North Wales was also consumed by the fierce storms of 2014 but they have obtained a £720,000 uplift from the Welsh Assembly support fund. A sum of £467,000 had been presented to Conwy Council to refurbish a bicycle track in both Deganwy and Llandudno however, the majority of the money will be awarded towards the reconstruction of Deganwy Quay promenade. Denbighshire council will receive a large sum of £256,000 although some of this money will be used towards making Rhyl beach easily accessible.

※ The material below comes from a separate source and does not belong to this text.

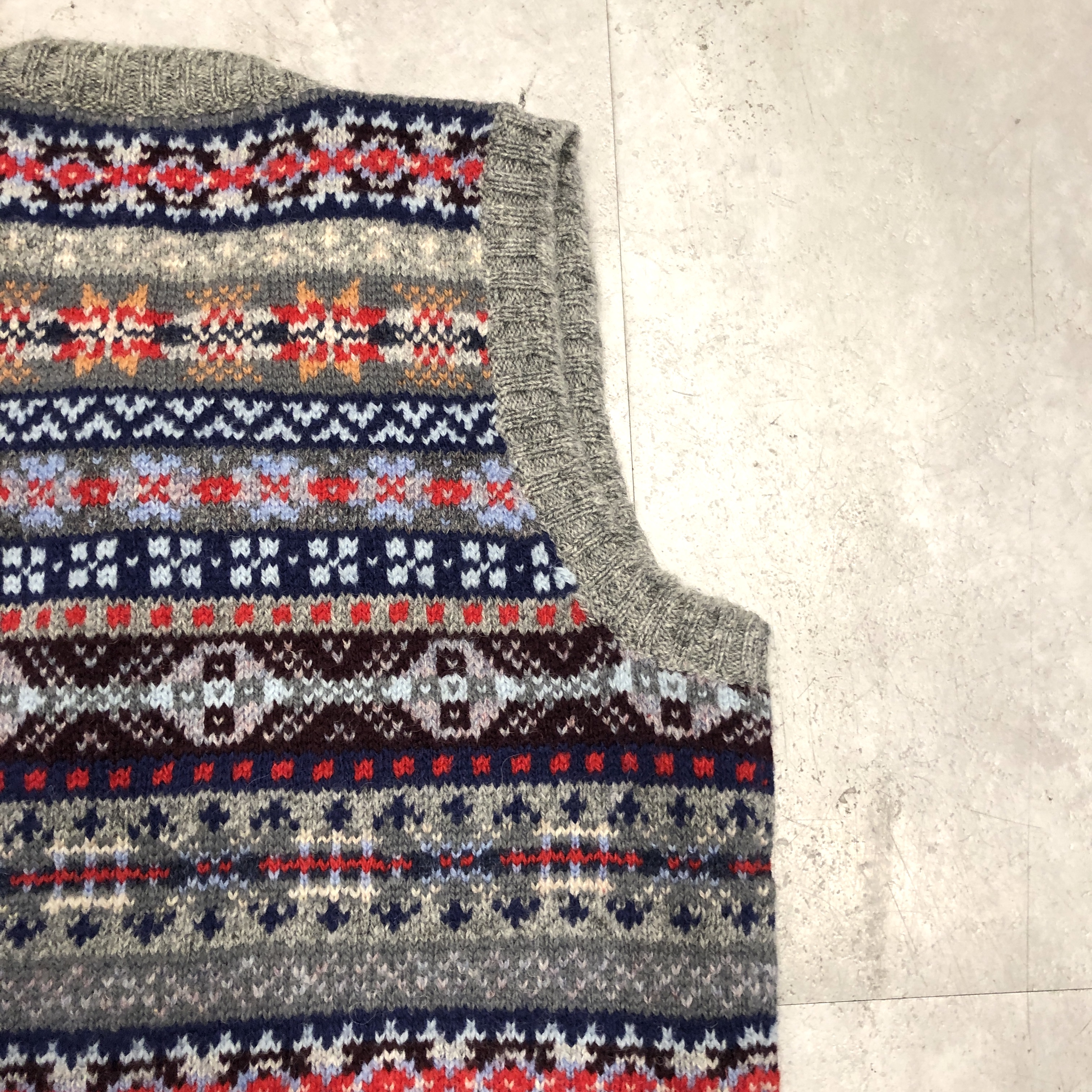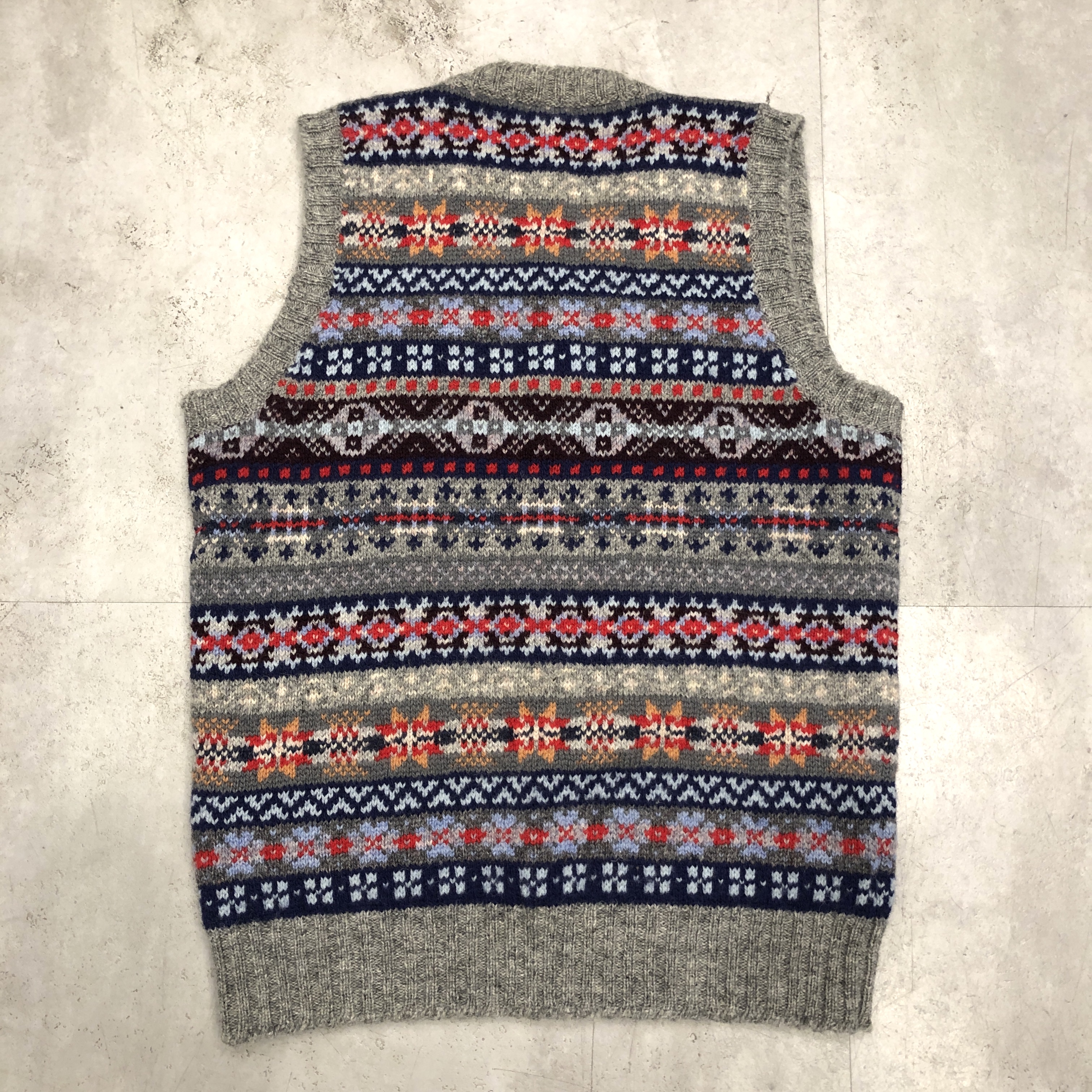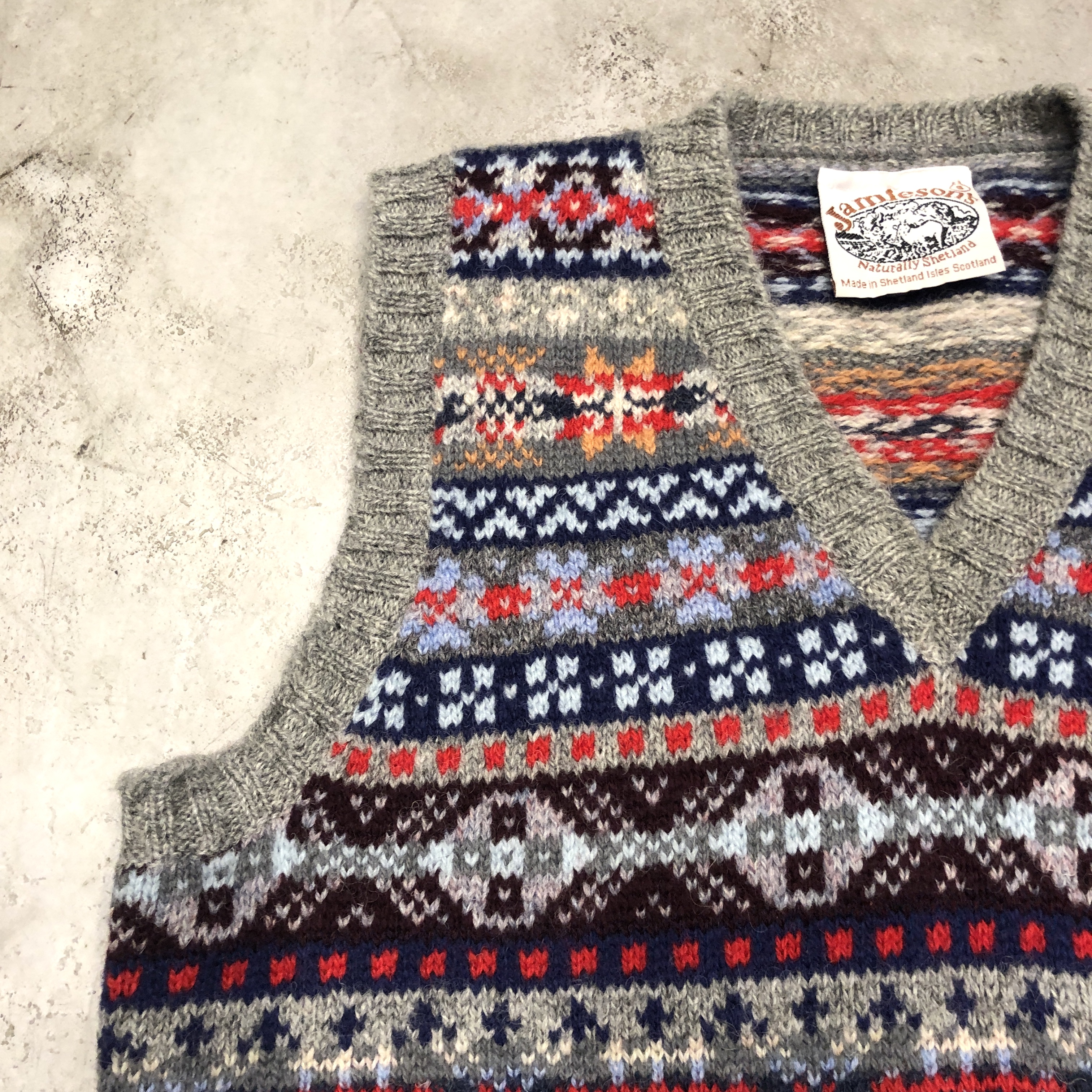 - シェットランドの伝統と美意識がぎゅっと詰まった、Jamieson’s(ジャミーソンズ)のフェアアイルベスト。古くはニット職人たちの手から手へ受け継がれてきたこの技法を、現代においても変わらぬ手仕事で継承し続けている数少ない存在です。

This current funding follows on from the£ 1.6 Billion that had already been handed out in January earlier on in the year to six councils to accommodate the costs of the floods. With high tides and winter storms around Wales this has bumped up the recovery cost to be around £8 Million according to BBC Wales who recorded this figure in January. Edwina Hart, Minister of The Economy stated; "This funding will help speed up repairs to damaged infrastructure that could have had a negative impact at the start of the main tourism season in Wales. Wales is open for businesses, but we want to ensure areas affected by the winter storms are fully open for 2014”. She also said; "The extreme weather which has hit the whole of the UK this winter has no doubt made for a difficult start to the year for many tourism businesses”.
Overall the long term maintenance and construction has been estimated by Conwy Council at a cost of £81 Million with £5 Million going towards the protection and defence of homes in preparation for any future storms that may hit. It is not only homes in Wales that will benefit from the money but businesses will also benefit from the cash injection along with current transport in Colwyn Bay. In order to fully refurbish defense barriers that have been damaged during the severe weather conditions, £3 Million has been allocated to this area, doing this will benefit fisherman that have been greatly affected by the storms.
Regardless of the good news for Wales obtaining a recovery fee, Emyr Roberts the Chief Executive of Natural Resources Wales has stated that as flood water threatens to rise they cannot afford to keep building defence walls higher. Conversely this year a great some of money has been invested to build new defences as well as maintain the current ones. A huge figure of £25 Million has been awarded to ensure the full protection of homes in or around areas under threat from the stormy weather and existing defences have sheltered both businesses and 1,000 homes besides this schemes built in previous years. At present flood defence walls that are currently in place are performing greatly however. if flood waters were to dramatically increase in depth , it is unlikely that the whole of Wales will be protected by taller walls alone.
Although the sea has caused most of the damage in Wales, many people have insisted that local rivers should be dredged and some councils have already begun this process. This has proven that it can significantly decrease the risk of flood waters as watercourses are frequently upheld by debris in the rivers. During the dredging process, materials such as silt and gravel are removed from riverbeds as well as vegetation inhabiting the riverbed/riverbanks is also monitored to ensure that water keeps flowing through the designated area.
Do you think that the Welsh Assembly is doing a better job of protecting their people’s homes and businesses compared to the Coalition Government?